Une règle d’intercalation lèvera tous les inconvénients. Celle que nous proposent les astronomes conduit à trois corrections indispensables : l’une tous les quatre ans, la seconde tous les quatre cents ans ; la troisième tous les trente-six siècles, ou pour plus de convenance tous les quatre mille ans. En appelant franciades ces trois périodes successives, tout le système de la computation française se renferme dans ces six résultats :
Dix jours font une décade ;
Trois décades font un mois ;
Douze mois et cinq jours font une année ;
Quatre années et un jour font une franciade ;
Cent franciades simples, moins trois jours, font une franciade séculaire ;
Dix franciades séculaires, moins un jour, font une franciade millaire.
Ces résultats, empreints dans toutes les pages de nos annales, dans tous les actes civils, dans nos usages journaliers, serviront, dans les temps les plus reculés, à mesurer le degré de perfection de l’astronomie française à l’époque de la fondation de la République, et vivront autant qu’elle.
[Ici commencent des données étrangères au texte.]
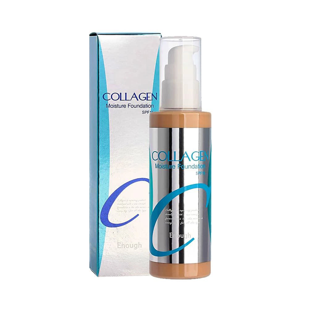 Enough Collagen Moisture Foundation SPF15 — лёгкий тональный крем с коллагеном, который выравнивает тон кожи, придаёт естественное сияние и поддерживает её упругость.
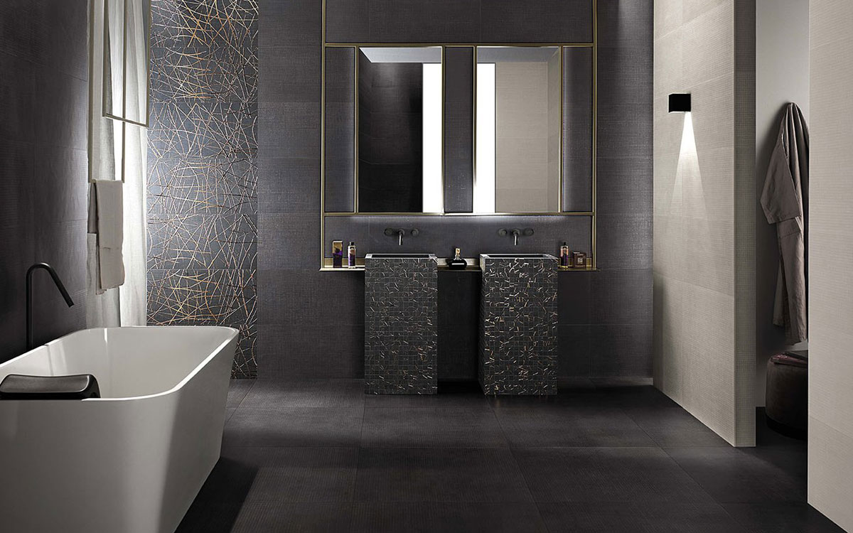 A Black & White bath looks great in any home, in any setting, probably because black bathroom tiles bring depth and elegance, while the white lights up the whole.
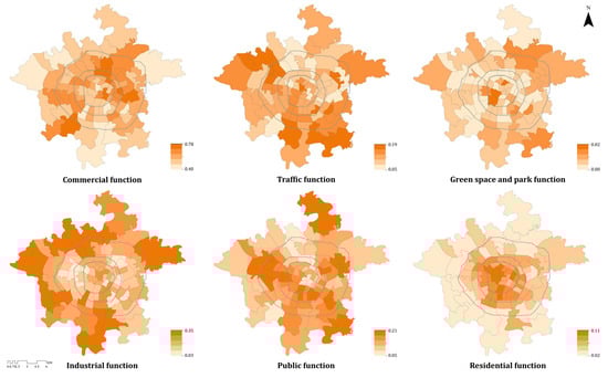 Based on the functional category division of the POI data, we obtained the share of the six functional categories of 77 streets (Figure 10). The spatial pattern of the six urban functional categories is clear, with the overall commercial function in the five core urban areas of Chengdu City accounting for a large proportion, and the overall proportion in the northeast and southwest being slightly higher. The industrial function shows a much higher distribution outside of the Third Ring Road than inside the Third Ring Road, while the pattern of the residential function is completely the opposite. The spatial pattern of green space and parks is relatively uniform, with both high and low values in each district. The traffic and public function show similar spatial patterns.
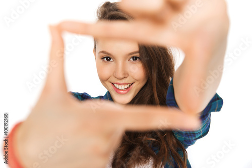 © Syda Productions, Naklejka premium happy teenage girl making frame of fingers
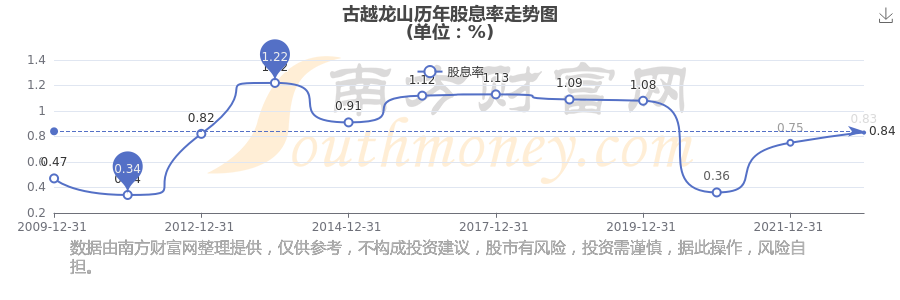 近年古越龍山年度股息率走勢(shì)如下圖:
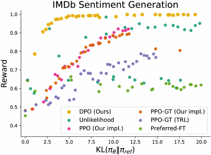 如下图所示,该图展示了在IMDb情感生成任务中,不同偏好学习算法的Reward-KL效率前沿。DPO(黄色散点)在所有KL散度值上都获得了最高的期望奖励,表明DPO能够更有效地在最大化奖励和与参考模型的KL散度约束之间进行权衡,其优化效果优于PPO等基线方法。
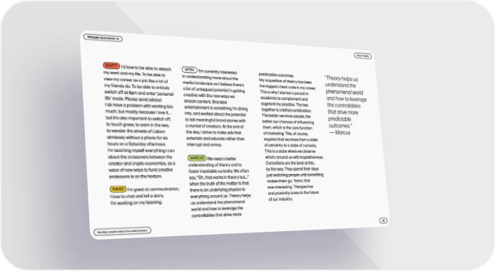 I’d love to be able to detach my work and my life. To be able to view my career as a job like a lot of my friends do. To be able to entirely switch off at 6pm and enter ‘personal life’ mode. Please send advice! I do have a problem with working too much, but mostly because I love it ... but it’s also impor tant to switch off, to touch grass, to swim in the sea, to wander the streets of Lisbon aimlessly without a phone for six hours on a Saturday af ternoon. I’m teaching myself ever y thing I can about the crossovers bet ween the creator and cr ypto economies, as a wave of new ways to fund creative endeavors is on the horizon. We need a better understanding of theor y and to foster insatiable curiosit y. We of ten say, “Oh, that works in theor y but ...” when the truth of the matter is that there is an underlying physics to ever y thing around us. Theor y helps us understand the phenomenal world and how to leverage the controllables that drive more predictable outcomes. My acquisition of theor y has been the biggest cheat code in my career. This is why I star ted a pursuit in academia to complement and augment my practice. The t wo together is a lethal combination. The better we know people, the better our chances of influencing them, which is the core function of marketing. This, of course, requires that we move from a state of cer taint y to a state of curiosit y. This is a state where we obser ve what's around us with inquisitiveness. Comedians are the best at this, by the way. They spend their days just watching people until something makes them go, “hmm, that was interesting.” Perspective and proximit y is key to the future of our industr y. I’m great at communication, I love to chat and tell a stor y. I’m working on my listening. I'm currently interested in understanding more about the media landscape as I believe there's a lot of untapped potential in getting creative with the new ways we stream content . Branded enter tainment is something I'm diving into, and excited about the potential to tell meaningful brand stories with a myriad of creators. At the end of the day, I strive to make ads that enter tain and educate rather than interrupt and annoy. Mart y Marcu s r aven Myr a “Theor y helps us understand the phenomenal world and how to leverage the controllables that drive more predictable outcomes.” — Marcus Rewriting romantic my ths of the creative industr y 48 Re alit y check
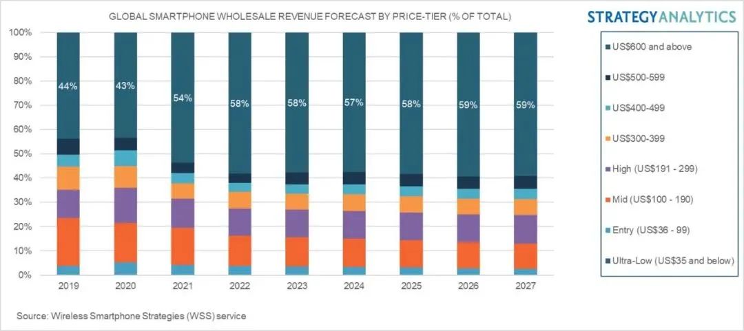 Strategy Analytics无线智能手机战略(WSS)服务的最新发布的研究报告《全球智能手机收益、ASP和价格段预测:2008-2027》指出,全球智能手机批发收益将在2022年同比增长2%,主要受苹果、三星和其他高端机型组合的推动,ASP将同比增长10%。Strategy Analytics预计,从2022年起,高端智能手机(批发价大于300美元)将取代中端手机(100-190美元),成为智能手机销量最高的价格区间。在2022年至2027年期间,高端智能手机市场将占全球智能手机销量份额的33%至36%,并占全球智能手机批发收益份额的73%至75%。在高端智能手机市场中,600美元及以上价格区间将占据高端智能手机最大份额,在2022年至2027年期间,全球智能手机出货量份额将达到21-22%,收益份额为58% - 59%。从出货量和收益来看,300-399美元区间仍将是第二大价格区间。
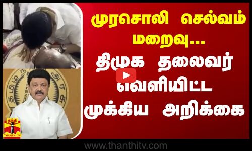 முரசொலி செல்வம் மறைவு... திமுக தலைவர் வெளியிட்ட முக்கிய அறிக்கை | DMK
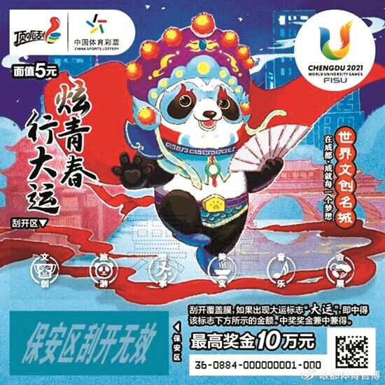 5元面值的“炫青春 行大运”以大运会的吉祥物“蓉宝”为主形象,围绕“三城三都”为主题进行纯手绘创作,在这套票面里,熟悉的宽窄巷子、神奇的川剧变脸、好吃到咂舌的川菜全都一一登场。每一张“炫青春 行大运”彩票都是成都的名片,6张彩票分别对应了世界文化名城、世界旅游名城、世界赛事之城、国际美食之都、国际音乐之都、国际会展之都,体彩顶呱刮传递“三城三都”城市品牌内涵。
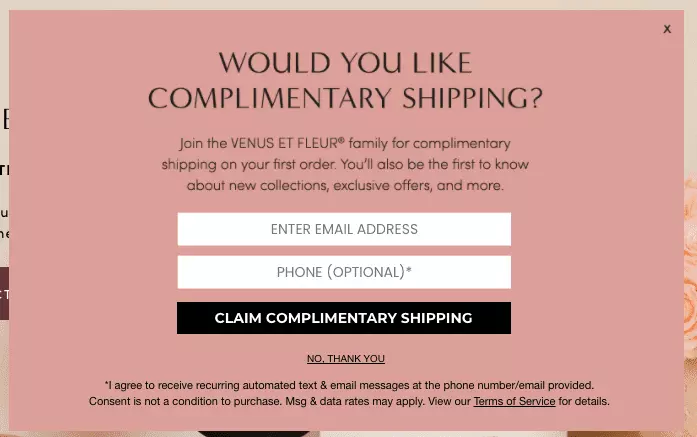 人気のある顧客紹介プログラムを構築したいですか? この Saint Jane Beauty の例のような割引ポップアップで紹介を促進できます。 このようにして、すべての訪問者にこのオファーについて知らせ、自動操縦で売り上げを得ることができます.
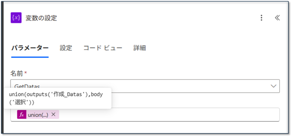 GetDatas変数の設定で 今回の選択アクションの中身と退避したデータをUnionで結合
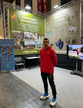 El cabo Jairo de la COMGEMEL participa en el Stand del Ejército de Tierra como representante de alto nivel en carreras por montaña.
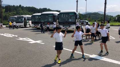 9時45分、まほろば道の駅にてトイレ休憩をとりました。あとは、ハチ高原へ直行です。子どもたちは、バス酔いの子が少しいますが、皆んな元気です。
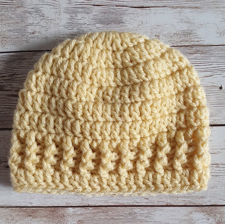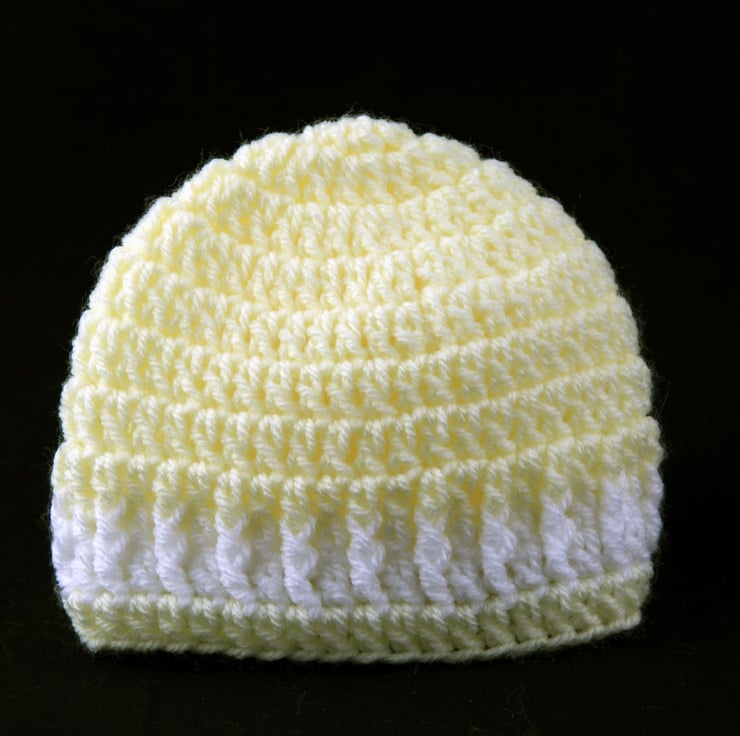 Crochet Baby Beanie Hat in Yellow and White, New Baby Gift, Baby Shower Gift
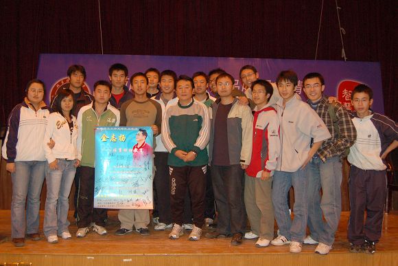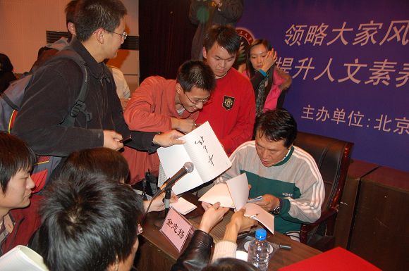 报告会之后,听众和师生球迷在争先恐后地请金志扬教授签名留念。
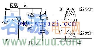 相位觸發(fā)電路實(shí)際上是交流觸發(fā)電路的一種,如圖3,這個(gè)電路的方法是利用RC回路控制觸發(fā)信號(hào)的相位。當(dāng)R值較少時(shí),RC時(shí)間常數(shù)較少,觸發(fā)信號(hào)的相移A1較少,因此負(fù)載獲得較大的電功率;當(dāng)R值較大時(shí),RC時(shí)間常數(shù)較大,觸發(fā)信號(hào)的相移A2較大,因此負(fù)載獲得較少的電功率。這個(gè)典型的電功率無級(jí)調(diào)整電路在日常生活中有很多電氣產(chǎn)品中都應(yīng)用它。
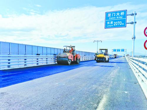 廈門大橋右幅路面攤鋪。(中交一公局供圖)
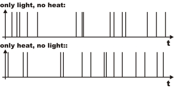 Let us have a look at a photodetector in darkness. It exhibits so called dark count, i.e. events triggered by thermal excitation, as shown in figure 2. The time evolution is a Poisson distribution as for light detection. Such noisy behaviour is very common in various branches of technology. Usually, one does not derive a “quantum behaviour of heat” from the observation – therefore one should not conclude quantum behaviour of light from the analogue observation.
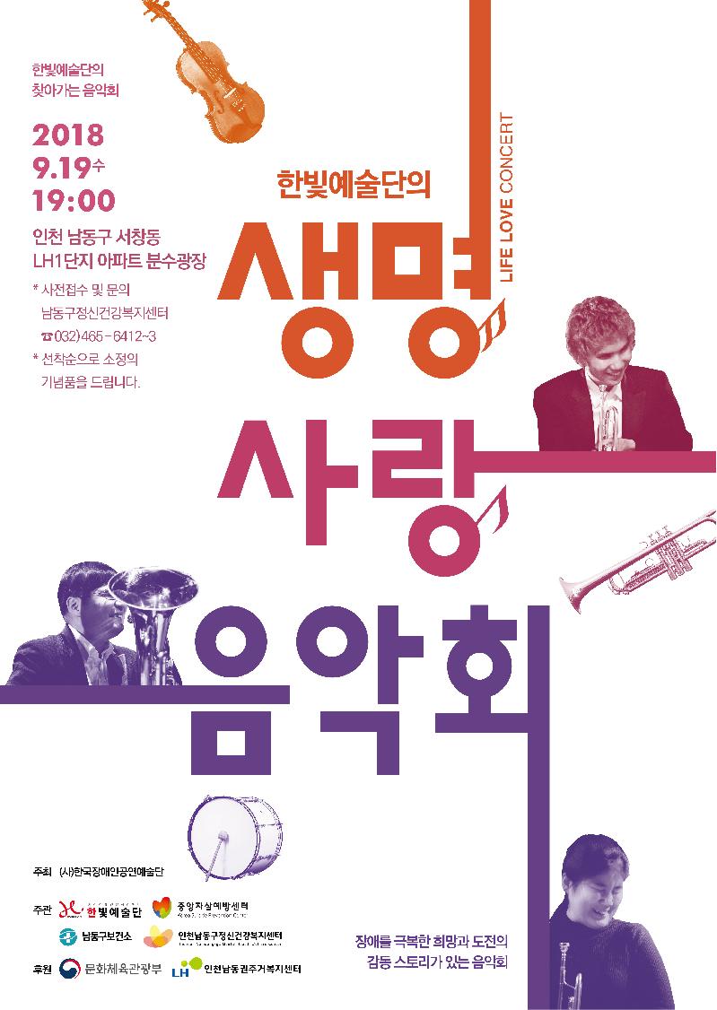 남동구보건소와 남동구정신건강복지센터, 중앙자살예방센터가 함께하는 이번 음악회는 세계 유일의 시각장애인 전문연주단 한빛예술단의 오케스트라 공연으로 해설과 영상을 함께 진행하는 스토리가 있는 음악회로 구성된다.
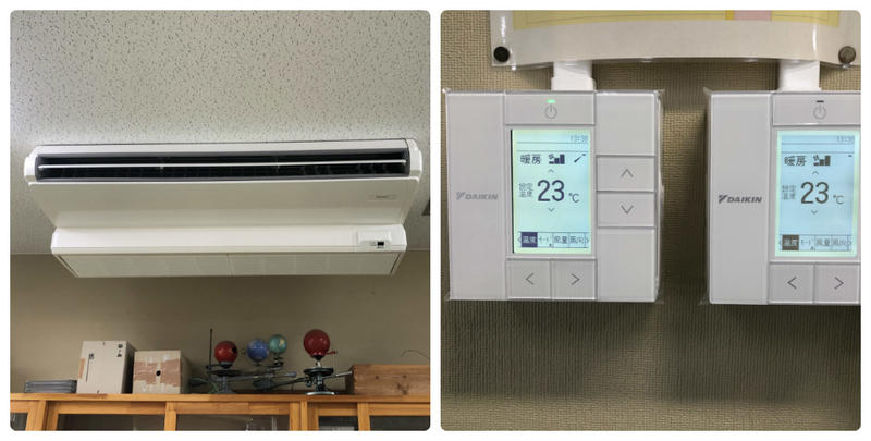 昨日の午前中までは、従来のボイラーを使った暖房器を使用していましたが、その重油も使い切り、新しいエアコンがとうとう動き出しました!
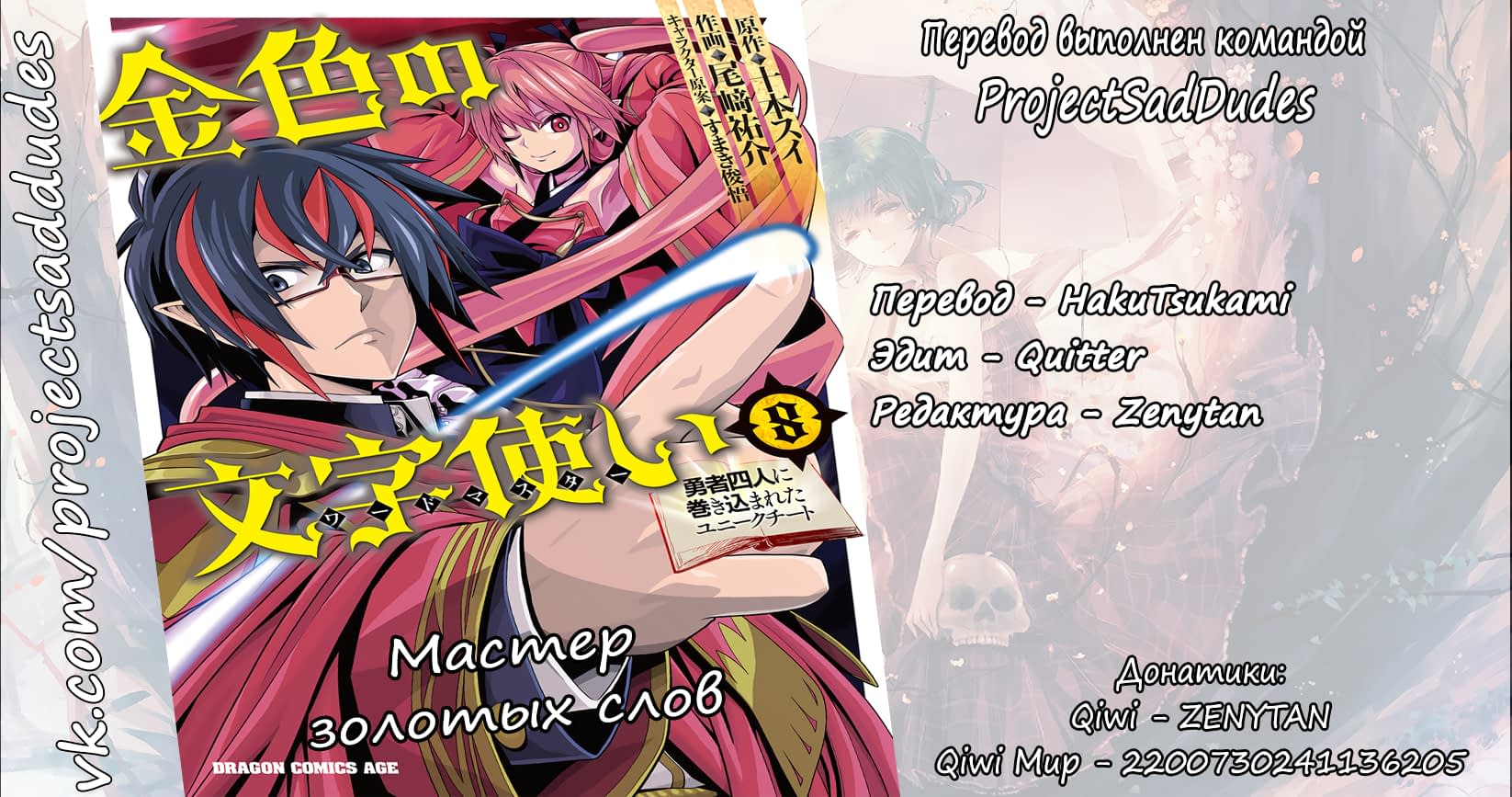3. Мастер золотых слов: Четыре героя и Наблюдатель с Уникальным читом (Konjiki no Moji Tsukai - Yuusha Yonin ni Makikomareta Unique Cheat)
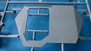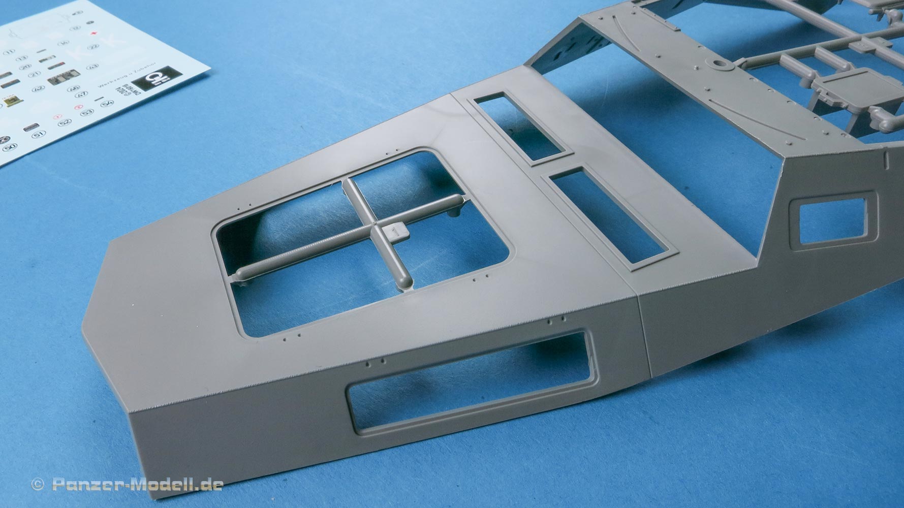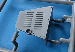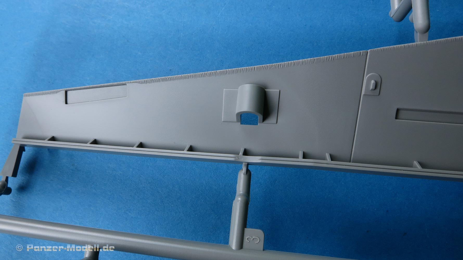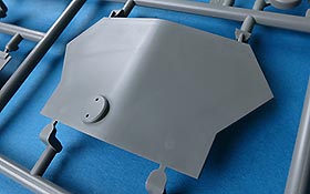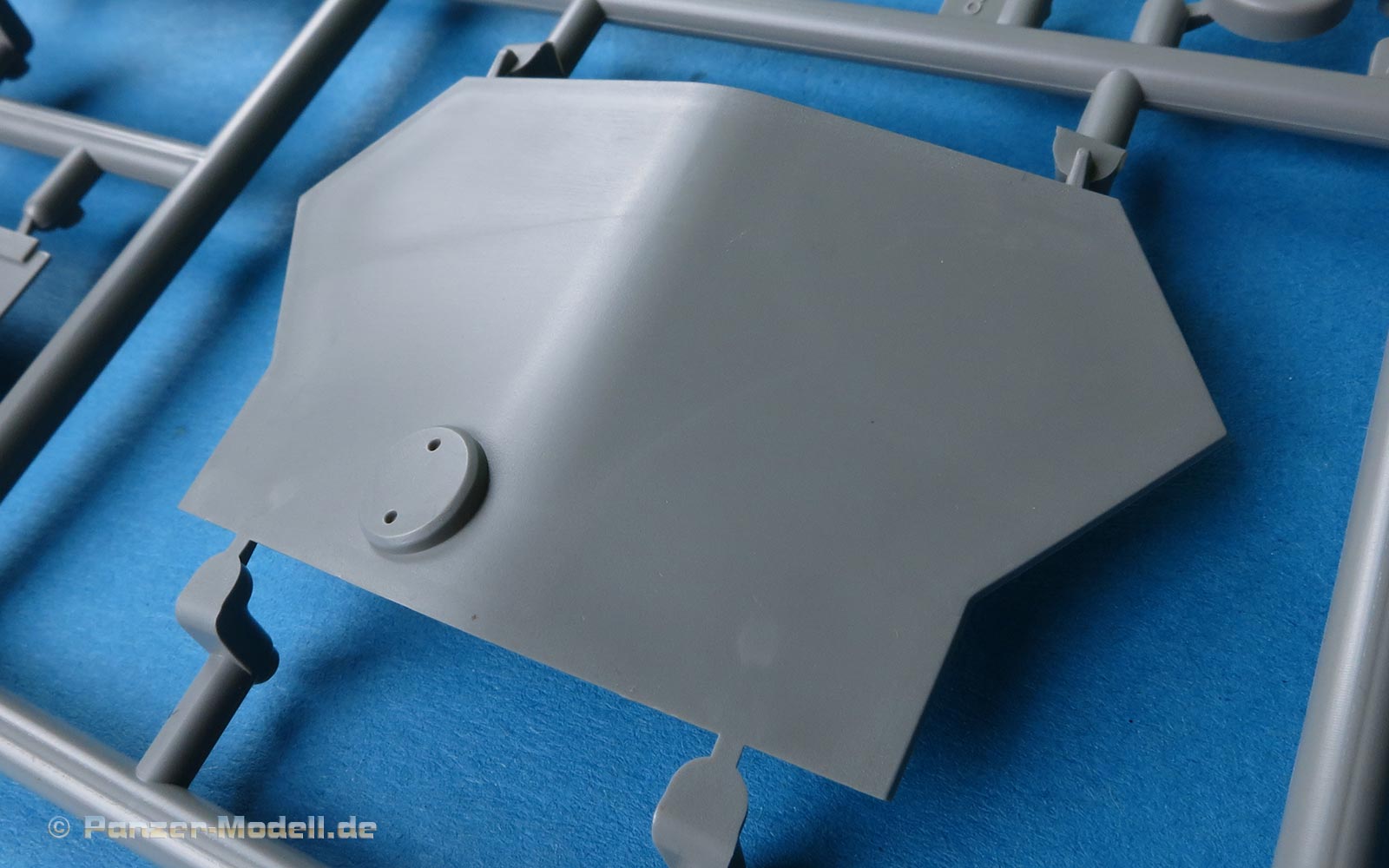 Die Hecktür in der Heckplatte, wie auch die Motorklappen und Sichtklappen lassen sich beweglich einbauen! Die Oberwanne an sich ist einteilig und mit diversen Kleinteilen zu vervollständigen. Die Lüftergitter in der Motorplatte liegen als fein geätzte PE Gitte bei, die von innen eingeklebt werden.

Par eux l’astronomie se rétablirait dans quelques-uns de ses points capitaux, si toutes les tables astronomiques venaient à se perdre dans les révolutions que l’histoire du passé nous permet de regarder comme très possibles dans l’avenir.


PROJET DE DECRET

La Convention nationale, après avoir entendu son Comité d’instruction publique sur la proposition faite par les géomètres et les astronomes nommés au rapport, d’adopter une règle d’intercalation pour maintenir les saisons aux mêmes époques de l’année, décrète :

ARTICLE PREMIER. La quatrième année de l’ère de la République sera la première sextile : elle recevra un sixième jour complémentaire, et terminera la première franciade .
ART. 2. Les années sextiles se succéderont de quatre en quatre ans, et marqueront la fin de chaque franciade.
ART. 3. Sur quatre années séculaires consécutives, sont exceptées de l’article précédent la première, la deuxième, la troisième années séculaires, qui seront communes : la quatrième seule sera sextile.
ART. 4. Il en sera ainsi de quatre en quatre siècles, jusqu’au quarantième, qui se terminera par une année commune.
ART. 5. Il sera annexé une Instruction au présent décret pour faciliter l’application de la règle qu’il renferme, et faire connaître les principes qui en font la base.
ART. 6. Tous les ans il sera extrait de la Connaissance des temps et présenté à l’Assemblée nationale un annuaire pour les usages civils : calculé sur des observations exactes, il servira de type aux calendriers qui se répandront dans la République.
ART. 7. La Commission d’instruction publique est chargée d’accélérer, par tous les moyens qui sont à sa disposition, la propagation des nouvelles mesures du temps.
Elle est autorisée à renouveler tous les ans la nomenclature des objets utiles qui doivent accompagner l’annuaire pour chaque jour, et sur lesquels il doit être fait des notices instructives pour l’usage des écoles.